The Minneapolis, St Paul and Sault Ste Marie Railroad


I've been wondering about the relationship between towns in Stearns Co and the Buckman/Pierz area...how come Sands and Jansons lived in both places?

  Sure, there's good soil in both areas...and there were Germans throughout the area.  We know immigrants tended to settle near their countryfolk, but it wasn't as town-for-town as you'd expect (like a mass migration from Oberschlag to Buckman, for instance). If the earlier settlers spoke German, "das ist gut genug". 

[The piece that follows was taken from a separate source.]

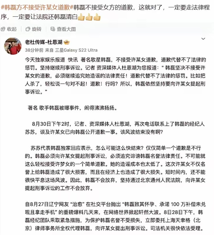 女生在网上发文,就是冲着钱来的,给钱这事就能完结。其实韩磊完全有能力拿出这笔钱,但没做过的事情,绝对不能妥协,坚决用法律维护自己权益。

My GGGrandfather, Peter Sand, eventually settled in Le Sauk township, but his brothers homesteaded in Grove and Oak townships to the west.  Looking at the plat maps from 1925, Grove township had Sands, Fuchs, Welles, Meyers, Kulzers and Terhaars who owned land near Meire Grove and Greenwald.  In Oak township (New Munich and Freeport), Sand, Welle, Terhaar, Thielen, Metzger and Sebastian Janson had farms.  Albany township shows Schwinghammers, Eibensteiners and Fuchs;  Krain township: Math and John Muyres.



(A small digression..lol:
  Larry found this cool academic study  of the Sauk Valley, if you're interested.    On the map below, the blue lines encompass the Sauk River valley, a particularly German area of Minnesota.  It became a much-studied enclave because German ethics and traditions lasted there much longer than in other predominantly German areas of Minnesota.  ◄This excerpt talks about why the Sauk valley appealed to them.



BUT, back to the connection between New Munich and Buckman--it was the railroad!  The Soo line was direct, cheap, and much faster than horse and wagon.  Most likely, every train had a passenger car or two, in both directions. Visiting (and helping out) would have been "relatively" easy, while the distance kept things cordial.